UM SER CHAMADO POETA

Ainda não havia parado naquela tarde para meditar qualquer coisa que seja. Relembrar momentos... Perder-se em lembranças... Derramar lágrimas de saudades.

As mãos ásperas porém, tocaram a madeira recheada de grafite e teceram na sensibilidade branca do papel as linhas que formavam toda a poesia de sua vida. Tinha pressa. Enquanto lá fora em um horizonte que conhecia de todas aquelas tardes, o arrebol tingia o céu em nuances de fogo.

O olhar se perdeu no calendário na parede à sua frente. Quantos dias se passaram desde que passara a contar todos os minutos de sua vida? Ou melhor, relembrar todos os minutos vividos? A réstia de sol formava sombras sem forma em todas as direções enquanto as linhas cresciam as formas de suas lembranças. Lembranças que balançavam qual o pêndulo do relógio da outra parede ao lado.

Tanto tempo... Talvez quarenta e poucos anos... Naquele dia era quase fim de verão.
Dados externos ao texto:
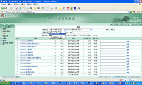 (1) 单击菜单项“网上选课→选课程→正选”,课程范围默认为“主修(本年级/专业)”,“公共选修课”需要点击“课程范围”后面的下拉框选择“主修(公共任选课)”,点击“检索”按钮,即可展开相应页面(图2-1)。注意:本次选课不用选择“辅修”及“主修(可跨年级/专业)”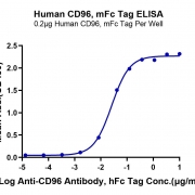 Immobilized Human CD96, mFc Tag at 2ug/ml (100ul/Well) on the plate. Dose response curve for Anti-CD96 Antibody, hFc Tag with the EC50 of 25.9ng/ml determined by ELISA (QC Test). See testing image for detail.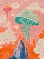 Twee grote kwallen zweven boven een surrealistisch landschap, waar roze wolken en oranje tinten samenkomen. De zachte vormen en dromerige kleuren creëren een bijna buitenaardse sfeer, waarin de kwallen als zwevende wezens door de lucht bewegen. De speelse combinatie van waterachtige dieren in een luchtlandschap maakt dit werk zowel mysterieus als fantasierijk.
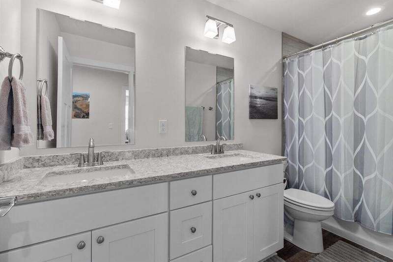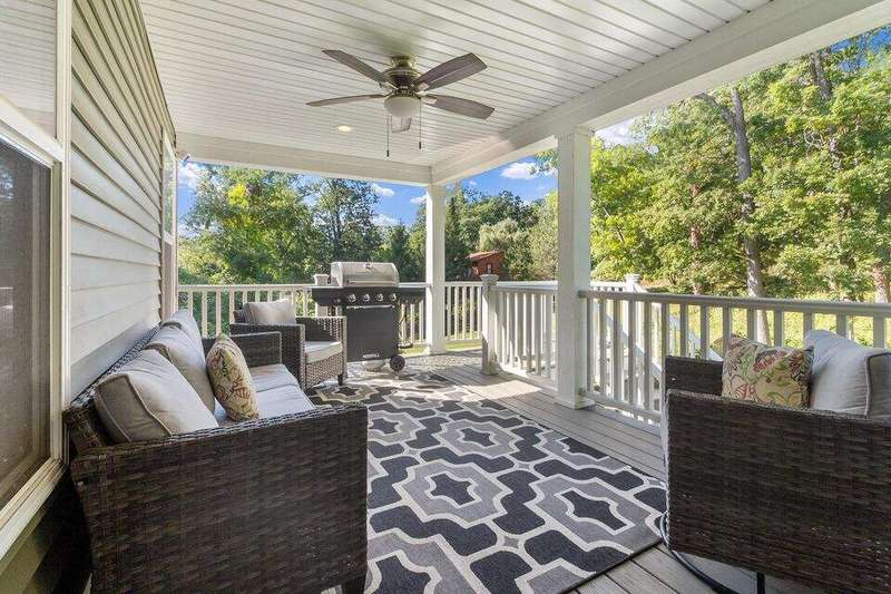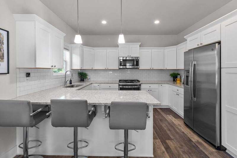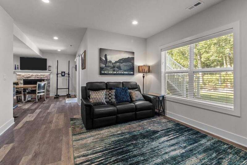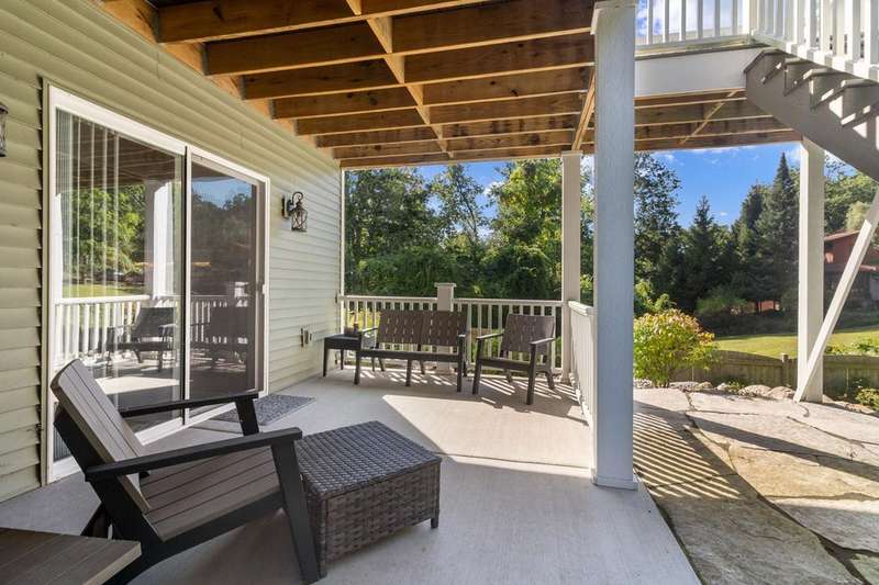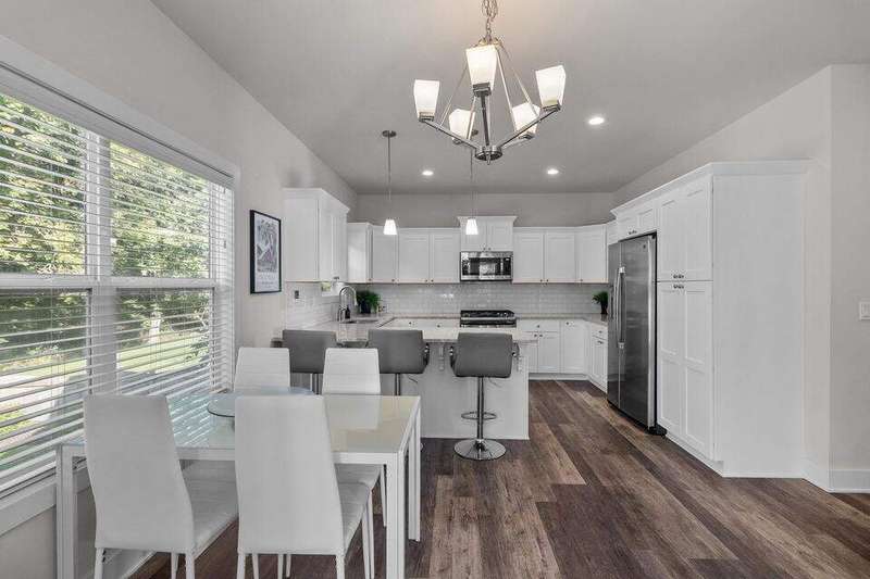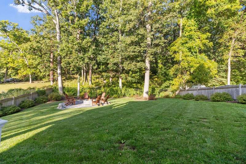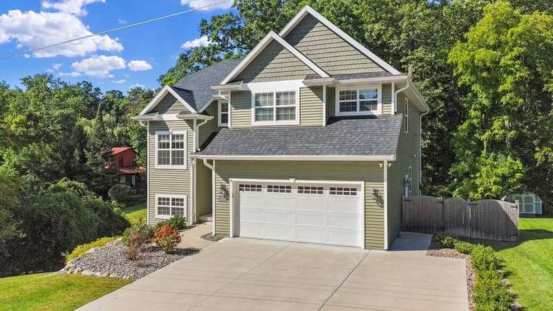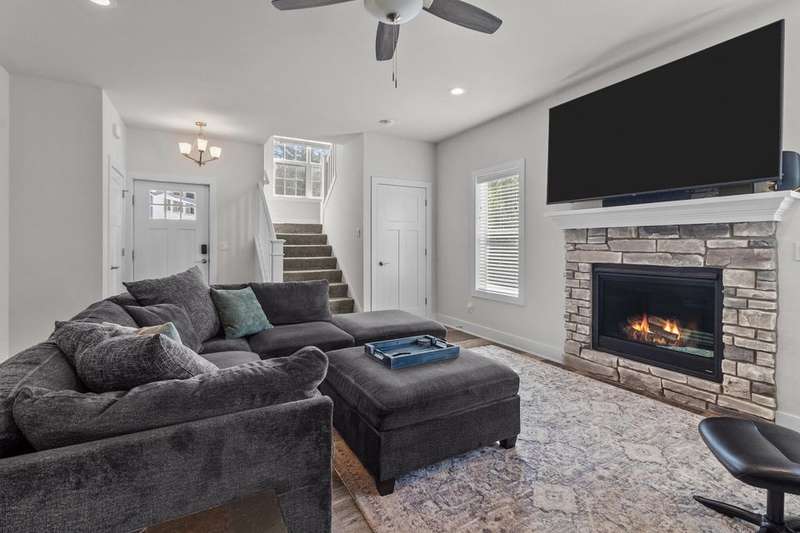 Nestled on almost 1/2-acre lot sits this beautiful fenced, secluded home built in 2020. 4 bedrooms, 3.5 baths. Beautiful kitchen with open concept living/dining, gas fireplace, luxury vinyl plank floors, walkout to the covered deck with Trex flooring and stairs leading down to another 2 patios-9x12 and a covered 10x15. Upper level has 4 bedrooms, master in-suite with double vanity, large shower and a walk-in closet. Another full bath that is shared and bedroom 4 has a walk-in closet. Lower level has a family room with fireplace two, a rec room and a full bath. A walk-out to the large yard with exterior lighting and a stone fire pit, professionally landscaped including irrigation system. Pavers on both paths and patio. Epoxy garage flooring and heated garage. 9-tvs, Offered furnished!

Poucas chuvas. O vento frio que prenunciava o outono já trazia algumas folhas secas e os mistérios que se escondem nas suas cores. O vento leva e traz tantas coisas além da poeira e das folhas secas do outono. Traz lembranças adormecidas nesses mesmos outonos que passaram e ficaram num cosmos quaisquer. Eles mesmos ressecaram os músculos de sua face e contorceram o sorriso que tantas vezes marcara seu semblante.

Mas junto com o vento, além das lembranças, viera a alma poeta que durante muito tempo vivera em terras secas. Agora entre aquelas mesmas paredes de sempre, nesta tarde, seu vulto debruça em folhas alvas e o pensamento viaja longe da realidade e dos mistérios dessa mesma tarde, embora ela lhe sopre nas narinas o oxigênio mais puro trazido pela brisa. Podia sentí-lo agora de uma forma diferente, porque descobrira tantos sentimentos que se aspiram junto com ela.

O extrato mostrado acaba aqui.